As Cheri indicated, we are breaking out revenue contribution from our large regional service provider customers which was previously included in the community broadband and national carrier segments. We believe this new customer segmentation will allow investors to better understand the near-term industry dynamics Cheri highlighted earlier. To provide clarity to this customer group, we have broken apart our community broadband customer market to disclose revenue from the traditional smaller providers and from ILECs [ph] with footprints of 500,000 subscribers and above, which we refer to as large regional service providers.
While net sales in our large regional service providers market were up 19% over the trailing 12-month period, net sales for the second quarter declined by approximately 17% year-over-year for this market. We anticipate the revenue decrease among this customer group will continue for a period of time. Please refer to the slide at the end of this presentation to view the historical revenue contribution for this new customer market.
Our MSO business comprised 14% of our net sales in the second quarter. Net sales grew 39% year-over-year and are up 127% for the trailing 12 month period. Net sales and our national carrier market for the second quarter decreased approx — by approximately 16% year-over-year. On a trailing 12-month basis, net sales in our national carrier market were up 25% from the year ago period. Finally, net sales in the international market increased 800% year-over-year in the second quarter compared to the same period last year. And we are up 255% in net sales year-over-year on a trailing 12-month basis due to the acquisition of Nestor Cables, who contributed $11 million toward this market.
As detailed on Slide 12, gross profit margin in the second quarter declined to 32.8% of net sales from 43.3% of net sales in the same year ago quarter. Our gross margin was impacted by unused capacity in our Mexico facility due to the lower levels of demand, as well as Nestor’s gross margins, as its revenue contribution represented a higher percentage of overall revenue.
Given the dynamics impacting the industry, including rising supply costs, as well as our exposure to large regional service providers, we now expect gross margins to finish the fiscal year near 30% and expect to achieve mid-30% to 40% when volumes ramp up to our initial fiscal year ’23 revenue guidance levels.
While Clearfield does not compete on price, we have been prudent in how we pass along rising costs to our customers in the interest of maintaining our long-term relationships. We will continue to be thoughtful in addressing these costs with our customers going forward.
Now please turn to Slide 13. Operating expenses for the second quarter were $11.5 million, which were up slightly from $11.2 million in the same year ago quarter. This increase is the result of the addition of operating expenses of the Nestor Cables’ business acquired in July 2022, offset by the reversal of performance-based compensation accruals during the fiscal second quarter. As a percentage of net sales, operating expenses for the second quarter were 16% down from 21% in the same year ago period, which reflects improved operating leverage.
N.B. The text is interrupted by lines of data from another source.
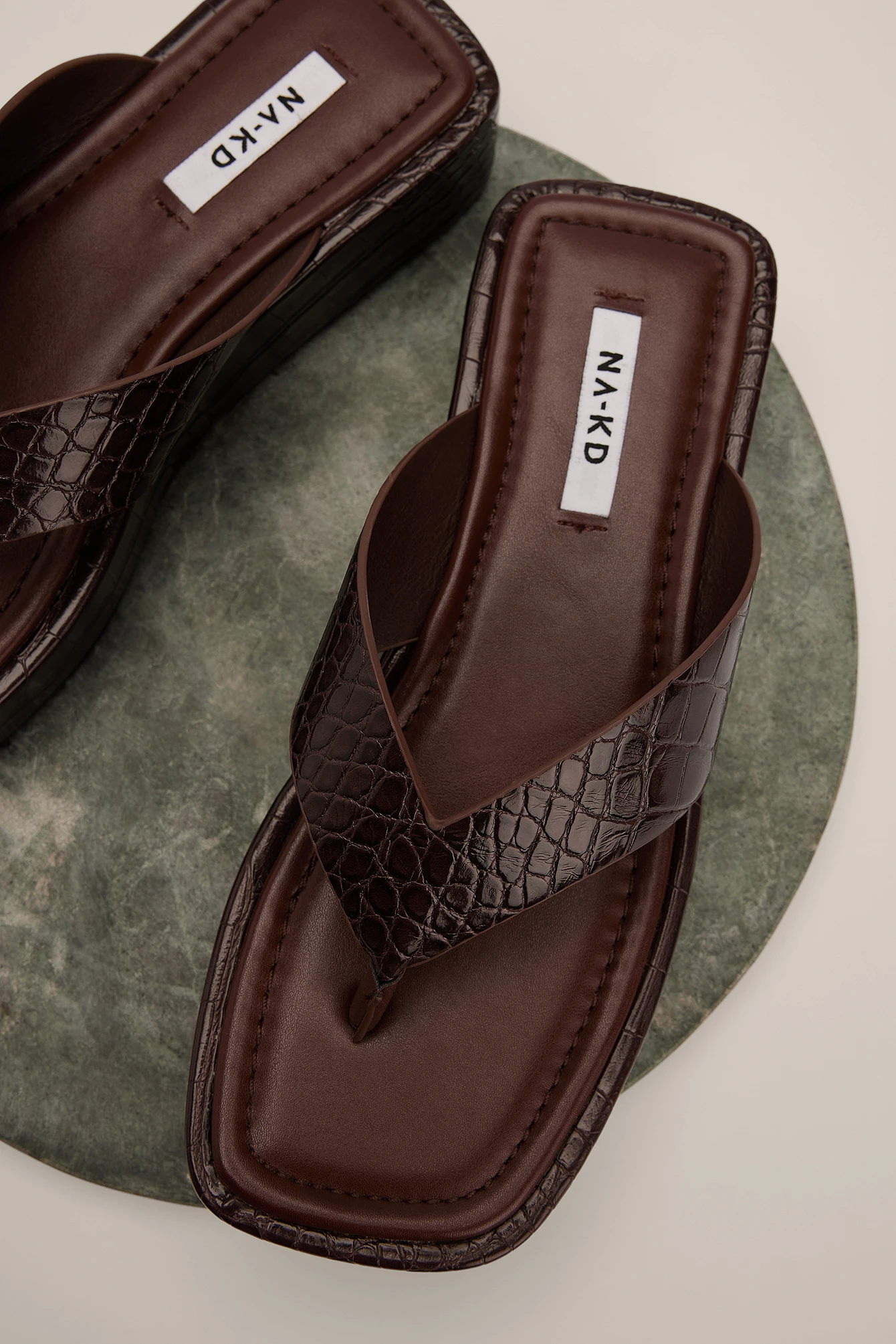 These slippers feature a square toe, a wide strap and platform heels. Measurements in size 39: Sole height: 2,9 cm / 1.2 in. Heel height: 4,5 cm / 1.13 in.
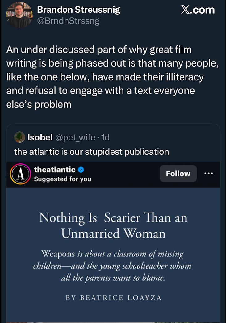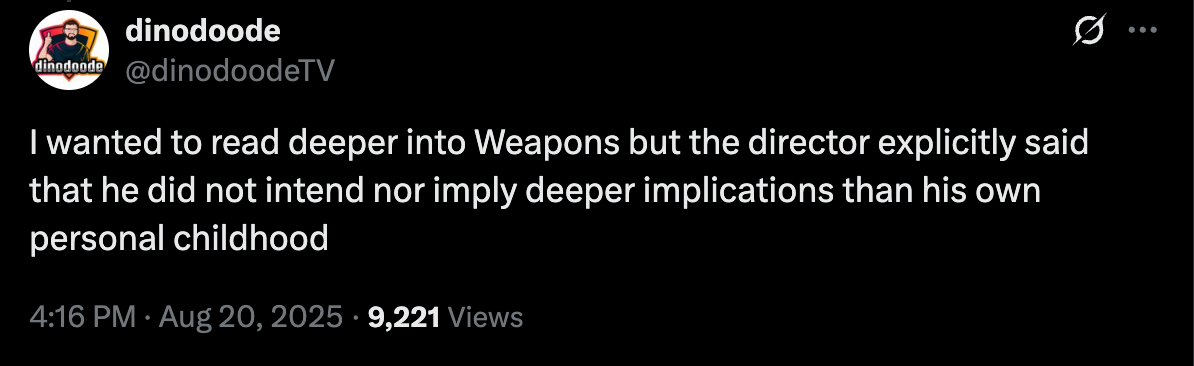 These are just some among many mistakes in thinking to curtail the freedom of the critic. “It’s not that deep” is the same as some of the objections to reading Weapons that I have heard, “it’s just dumb fun,” “it’s a film without a message.” Making such a claim requires substantial analysis to support it. To assert a film is without a message is to read it, exhaustively, for any subtext and find nothing. Of course, people who make this claim likely didn’t self-consciously think about Weapons, for example, and find it lacking. But it is an interpretation that would require support if to advance. And such an argument won’t hold up under scrutiny, since Weapons makes available all kinds of readings rather than makes impossible any kind of reading.
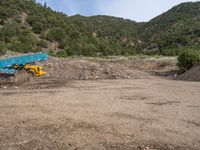 two yellow bulldozers work on sand and gravel in a mountain valley while another one looks at it
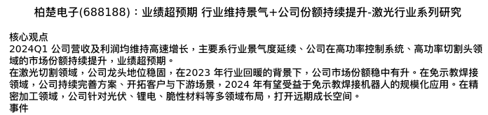 值得注意的是:2024年04月中信建投证券的吕娟/于芳博/杨超分析师,首次发布关于柏楚电子的研究报告,标题为:柏楚电子(688188):业绩超预期 行业维持景气+公司份额持续提升-激光行业系列研究。
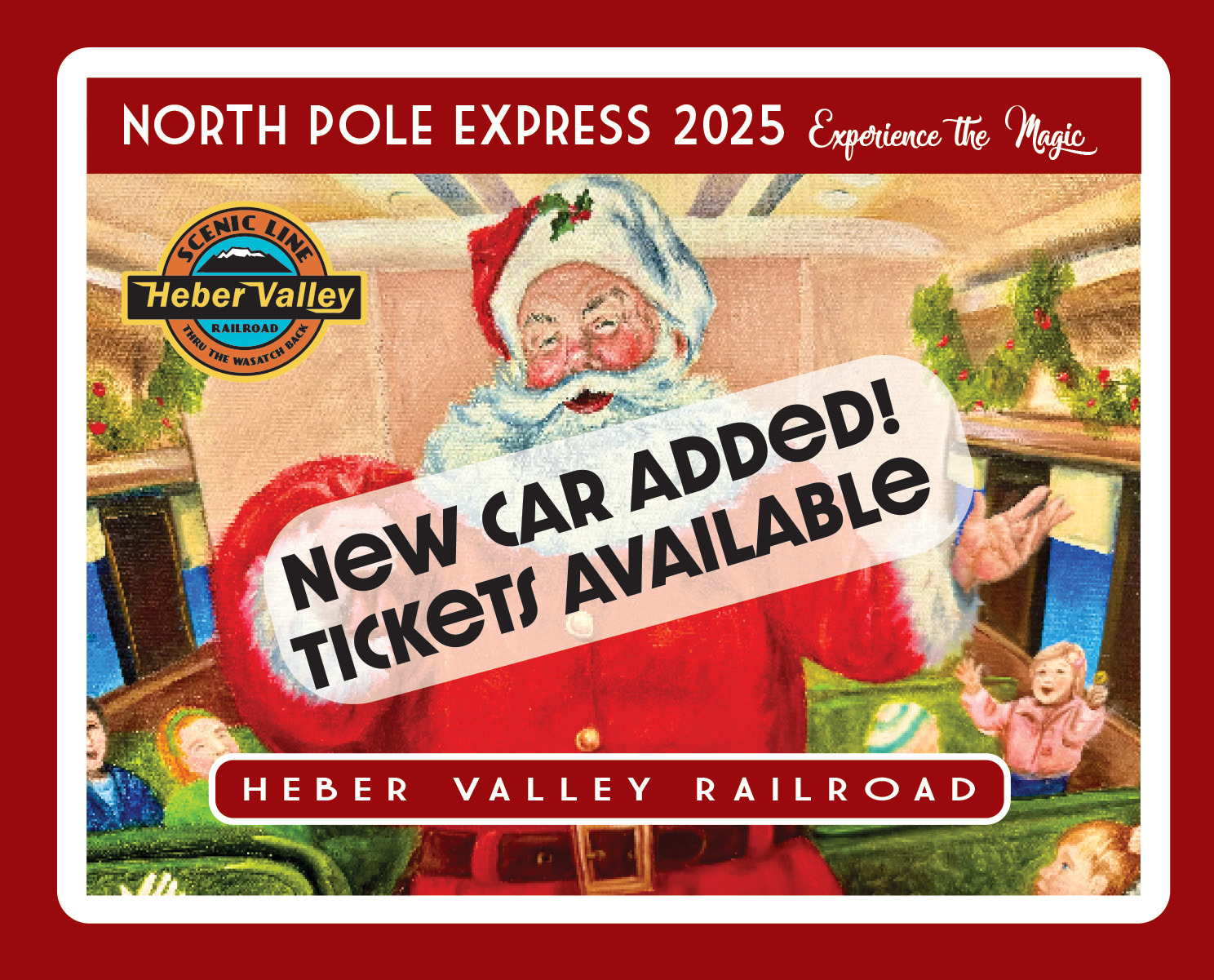 Friday, November 14th we will add another train coach to the 2025 North Pole Express. A limited number of tickets will be available in our new “Silver Scene” Dome car, which includes 20 seats in tables for four, 20 individual seats in the beautiful lounge, and 24 seats in “Dome” – sold in groups of four. A total of 64 seats are available in the car.
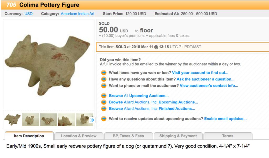 In several of the dog searches I noticed the depiction of the distinctive Colima dog which has large pointed ears as mine does and many with the same grimace. But my pot or vessel isn’t shaped like typical Colima dog vessels.
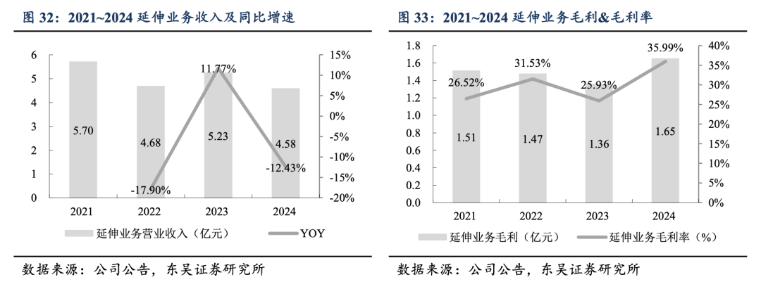 经营稳定,毛利率保持较高水平。2021年起,延伸业务营业收入整体稳定在5亿元左右;毛利率维持在25%以上,盈利能力优秀。
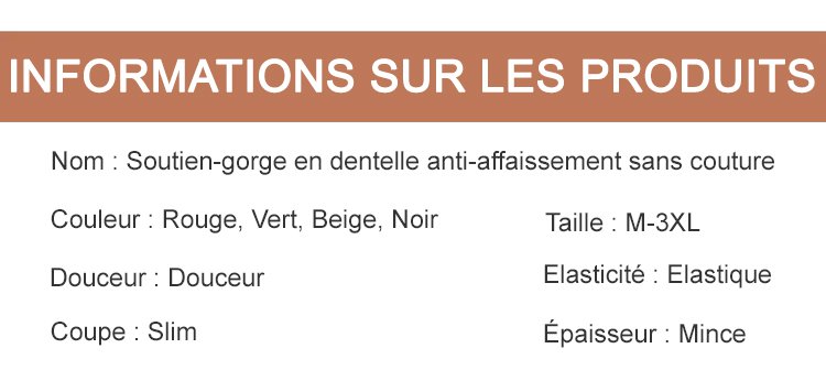 Soutien-gorge push-up sans couture en dentelle anti-affaissement pour femme
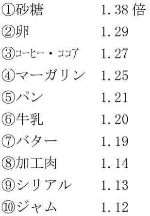 朝食価格指数をコンポーネント別に調べると、同じ期間の伸び率で高い順に並べて次の通りになっていた。
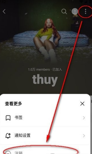 4、如果要取消艺人所在的粉丝社区,就在明星社区界面点击右上角的三个点,进入注销界面,注销也就意味着取消关注,后续任何关于她的消息都不会推送给你。
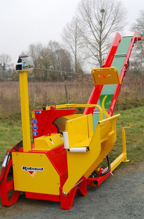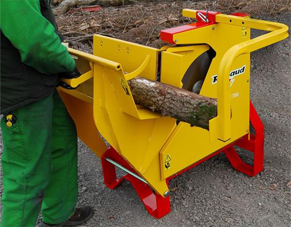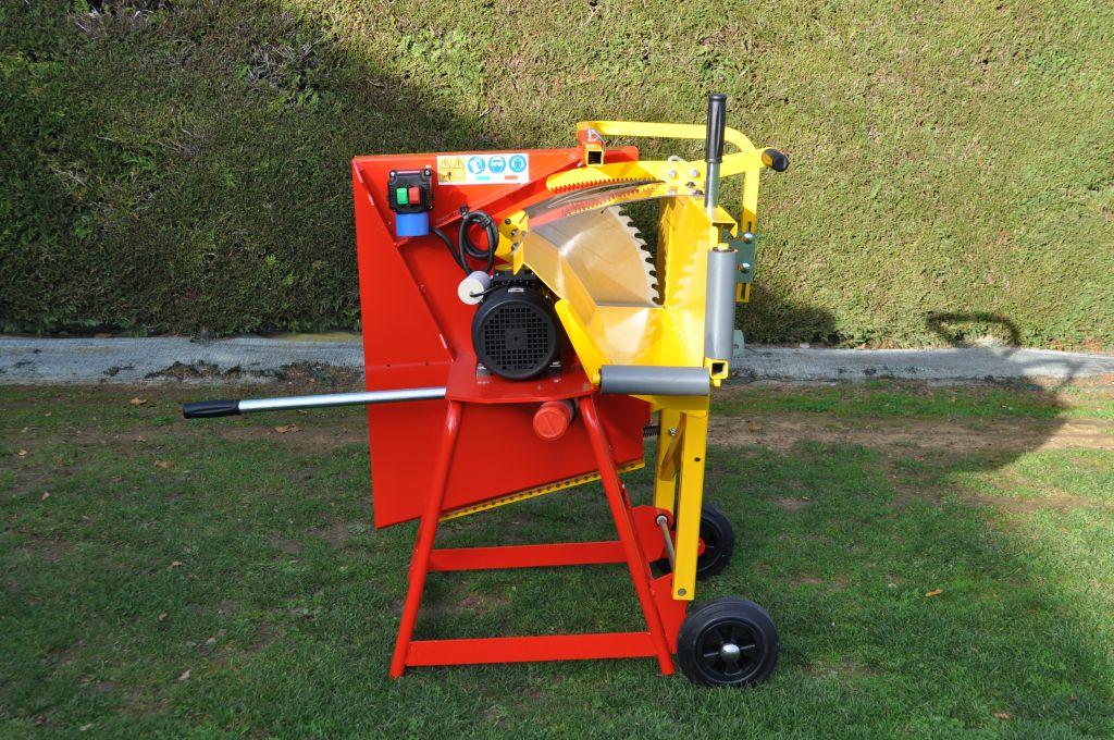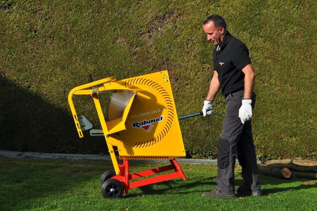– Ø lame 700 mm sur XYLOSCIE 700. - Chevalet porte-bûches pivotant avec décrochement pour limiter le coincement du bois sur la lame.

Turning to Slide 14, net income in the second quarter increased 12% to $10.4 million from $9.2 million in the same year ago period, and was down from $14.3 million in the first quarter of fiscal 2023. As a percentage of net sales, net income for the second quarter was 14%, down from 17% in the same year ago period, and down from 17% in the first quarter of fiscal 2023.
As illustrated on Slide 15, our balance sheet remains strong with $166 million of cash, short term and long-term investments and $2 million of debt. We had $2.5 million in capital expenditures in the quarter, mainly to support our manufacturing operations. Our inventory balance increased from $90 million to $101 million in the second quarter driven by the industry dynamics we have discussed. While we expect inventory levels to increase slightly throughout the year, we do not expect them to do so at the same levels as we experienced the fiscal year 2022 resulting in improved free cash flow in the fiscal year ahead.
As Cheri noted, we now expect revenue for the full year to be in the range of $260 million to $275 million. Additionally, we now expect net income per diluted share to be in the range of $1.80 to $2.10 per share. With the capital raise we undertook last year, we plan to continue investing in our infrastructure and other necessary strategic areas. Additionally, our strong balance sheet ensures that we are well positioned to effectively compete for larger customer opportunities, and the ability to pursue strategic opportunities to enhance our product portfolio.
That concludes my prepared remarks for our second quarter of fiscal 2023. We appreciate the support of our investors as we continue to work to drive shareholder value. I will now turn the call back over to Cheri.
Thanks for the financial update. Turning to Slide 17. I would now like to provide an update on our multiyear strategic plan leap, which is our roadmap for how we intend to capitalize on the significant opportunities ahead.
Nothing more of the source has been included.